Two things, apologies for the length but I'd **really** appreciate some
feedback (and cc'ing discuss on this):

*1. Workflow (Process, Knowledge-sharing, Etc)
*At the FCsummit, we observed some patterns of behavior for SFC. Chapters
sometimes have a thriving group of folks, and even a whole network in the
case of NYC's FC Coalition. Others seem to be just an individual or maybe a
few folks, friends possibly roped in to working on events or initiatives.
Given the growth of SFC internationally, and the current processes and
interactions taking place as we speak, it seems that SFC, as an
organization, acts like a network of resources, groups, and individuals.
Folks share projects, ask questions, get advice, give feedback, and all
work on awesome things in the Free/Libre Cultural space. From an
organizational standpoint, the incoming board needs to do some hard
thinking and work to update the purpose, mission, and direction of the org
in the FC movement. Functionally, we already see that this is a network of
valuable resources sharing knowledge amongst themselves and with new folks.
Email is the primary conduit by which this sharing takes place. But there
are other options and opportunities out there. We all see how valuable they
could be!

The draft I'm presenting (attached) should be somewhat consistent with
SFC's current behavior patterns, but in order for it (or something like it)
to be effective, we need to get folks in this community on the same page
and commit to putting in a bit of time and investment to make it valuable
for ourselves and for new people joining the FC movement. If we build a
knowledge base, we need to be sure those who could contribute are able to
(they have access) and that information can be organized, and categorized
for intuitive and sufficient discovery (e.g. browse and search). There are
various other constraints, but to me, the most critical change needs to be
social--this community needs to adopt a process for working together
because that's what it does--SFC is all about sharing! ;)

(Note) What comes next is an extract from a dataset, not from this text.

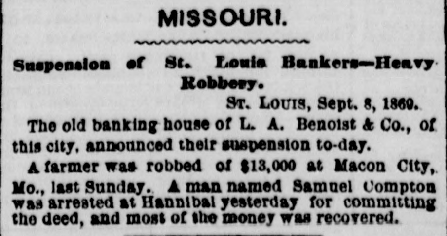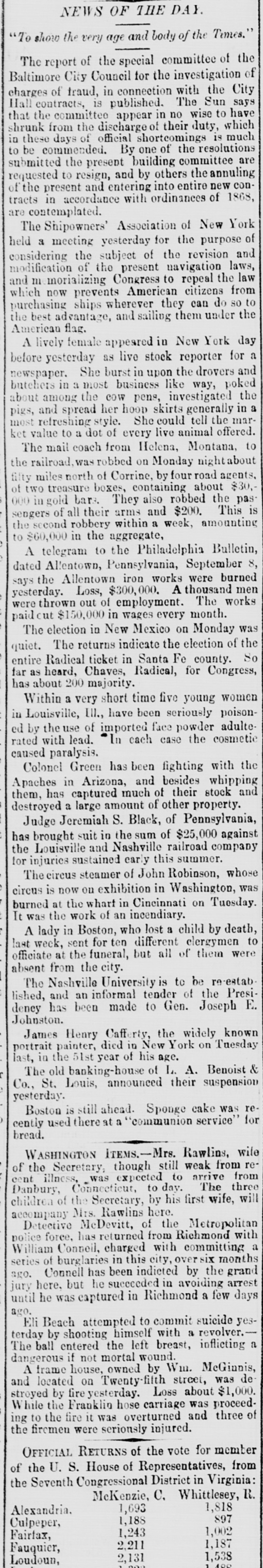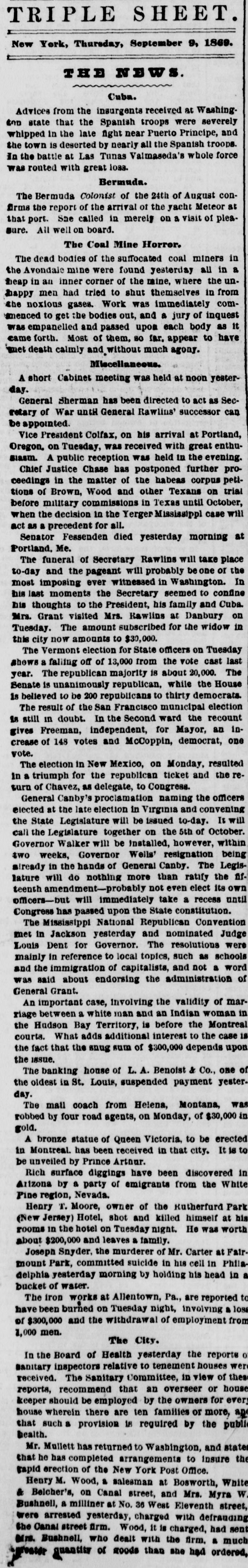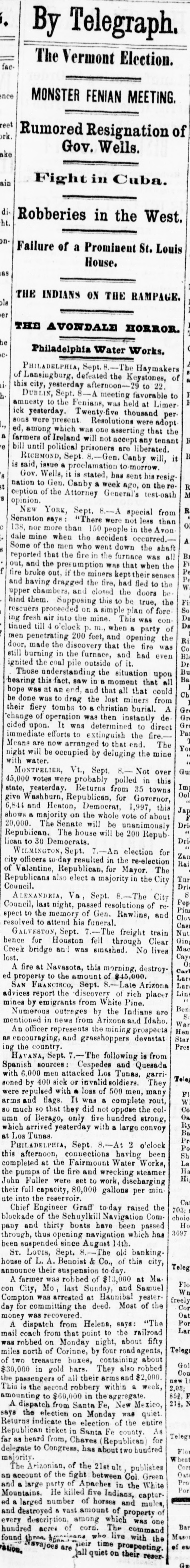 i. By Telegraph. The Vermont Election. fac nce MONSTER FENIAN MEETING. reet ork Rumored Resignation of Gov. Wells. ake ain Fight in Cuba. di ht. Robberies in the West. n Failure of a Prominent St. Louis House. as ole THE INDIANS ON THE RAMPAGE. er THE AVONDALE HORROR. he c Philadelphia Water Works. PHILADELPHIA, Sept. The Haymakers of Lansingburg, defeated the Keystones, of i this city, yeaterday afternoon- 29 to 22 DUBLIN, Sept. A meeting favorable to amnesty to the Fenians, was held at Limer ick yesterday. Twenty five thousand persons were present Resolutions were adopt 1., ed. among which was one asserting that the a farmers of Ireland will not accept any tenant e bill until political prisoners are liberated it RICHMOND, Sept. 8.-Gen. Canby will, is said, issue proclamation to morrow. Gov. Wells, it is stated. has sent his resig 's nation to Gen. Canby a week ago, on the s t ception of the Attorney General's test-oath opinion. NEW YORK, Sept. 8.--A special from Seranton says There were not less than 138, nor more than 150 people in the Avon dale mine when the accident occurred.Some of the men who went down the shaft reported that the fire in the furnace was al out, and the presumption was that when the fire broke out. if the miners kept their senses and having dragged the fire, had fled to the be upper chambers, and closed the doors hind them. Supposing this to be true, the rescuers proceede on simple plan of forc ing fresh air into the mine. This was con tinued till 'clock p. m. when party of R men penetrating 200 feet, and opening the door, made the discovery that the fire was still burning in the furnace, and had even ignited the coal pile outside of it. Bt Ba Those understanding the situation upon hearing this fact. saw in moment that all Cb hope was at end, and that all that could be done was to drag the lost miners from A Gr their fiery tombs to christian burial Gr "change of operation was then instantly de Pa cided upon. It was determined to direct immediate efforts to extinguish the fire.Yo Means are now arranged to that end. The night will be occupied by deluging the mine with water. Gu MONTPELIER, Vt., Sept. Not over Im 45,000 votes were probably polled in this Oo vesterday. Returns from 35 towns state, Washburn, Republican, for Governor, Ja 6,844 and give Heaton, Democrat, 1,997, this shows majority on the whole vote of about Dr 20,000. The Senate will be unanimously Dr Republican The house will be 200 Repub lican 30 Democrats. Za WILMINGTON, Sept. An election for Rai officers to day resulted in the re-election of city Valentine, Republican, for Mayor. The Tur Dri Republicans also elect a majority in the City Pep Council. ALEXANDRIA, Va Sept. The City Council, last night, passed resolutions of re Clo spect to the memory of Gen. Rawline, and Cas resolved to attend his funeral Nut GALVESTON, Sept. 7 The freight train Gin Ma for Houston fell through Clear Cay hence Creek bridge an was smashed. No lives Car lost. A fire at Navasota, this morning, destroy Lar Lar ed property to the amount of $45,000. Sept. 8.-- Late Arizona Lin report SAN FRANCISCO, the discovery of rich placer Be advices by emigrants from White Pine. mines Numerous outrages by the Indians are We mentioned in news from rizona and Idaho. Hen Star An officer represents the mining prospects devastat as encouraging, and grasshoppers Pret ing the country. HAYANA, Sept. 7 - Cespedes The following and Quesada is from Tele Spanish 6,000 sources men attacked Los Tunas. garriwith 400 sick or valid soldiers. They goned repulsed by with a loss of 500 men, many arms and were flags. It was a comple the rout, col80 that they did not oppose 80 much of Berago, only five hundred strong, Los Tunas umn which arrived yeaterday with a large convoy at PHILADELPHIA, Sept. At 2 o'clock been afternoon, connections having Works, completed this at the Fairmount Water steamer of the fire and wrecking the pumps Fuller were set to work, discharging John their full capacity, 80,000 gallons per min 703 ute into the reservoir Engineer Graff today raised Com the blockade Chief of the Schuylki Navigation passed 3097 and thirty boats have been which has pany through, thus opening navigation been suspended since August 14th. Louis, Sept. 8. The old banking Teleg house Sr. of L. A. Benoist & Co., of this city, announce their suspension today. Ma F A farmer was robbed of $13,000 and Samuel at City, Mo, last Sunday, yester freely con was arrested at Hannibal the Oat Compton day for committing the deed. Most of Lar money A dispatch was recovered from Helena, says: the railroad "The coach from that point to about fifty Telegt mail robbed on Monday night, road agents, miles was north of Corinne, by containing four about Go in gold two treasure boxes, bars. They also robbed $2,000 new 2.03; the $30,000 passengers of all their arms within and week, This is the second robbery 852, 211. amounting to $60,000 in the aggregate Mexico A dispatch from Santa Fe, New quiet says the electien on Monday was entire Returns indicate the election of the As for Republican ticket in Santa Fe county far as heard from, Chaves (Republican W delegate to Congress, has about two hundred majority The Arizonian, of the 21st ult publisbes account of the fight between Coi. Green Por an party of Apaches in the White and a large He killed five Indians, capturMountains. number of horses and mules, ed larged a vast amount of property of and destroyed among which was one Bar every description of corn. The command Ms hundred acrea who live with the of Navajoes es found three time prospecting ration. are jall quiet on their reser Gz

*The workflow - *Work is done by chapters, individuals, the board, and
external contributors. This work can be published anywhere (maybe your
chapter has it's own wiki or blog, awesome!), or it could be unpublished at
this time. At some point, either this work should be posted, in some way,
on the SFC wiki (or at least linked to your chapter's blog for example).
There are two routes. One is to start some email threads with relevant
folks, communicate, and perhaps feedback into the work for some time, but
eventually post to the wiki. The other is to post straight to the wiki,
which can then feedback into further work.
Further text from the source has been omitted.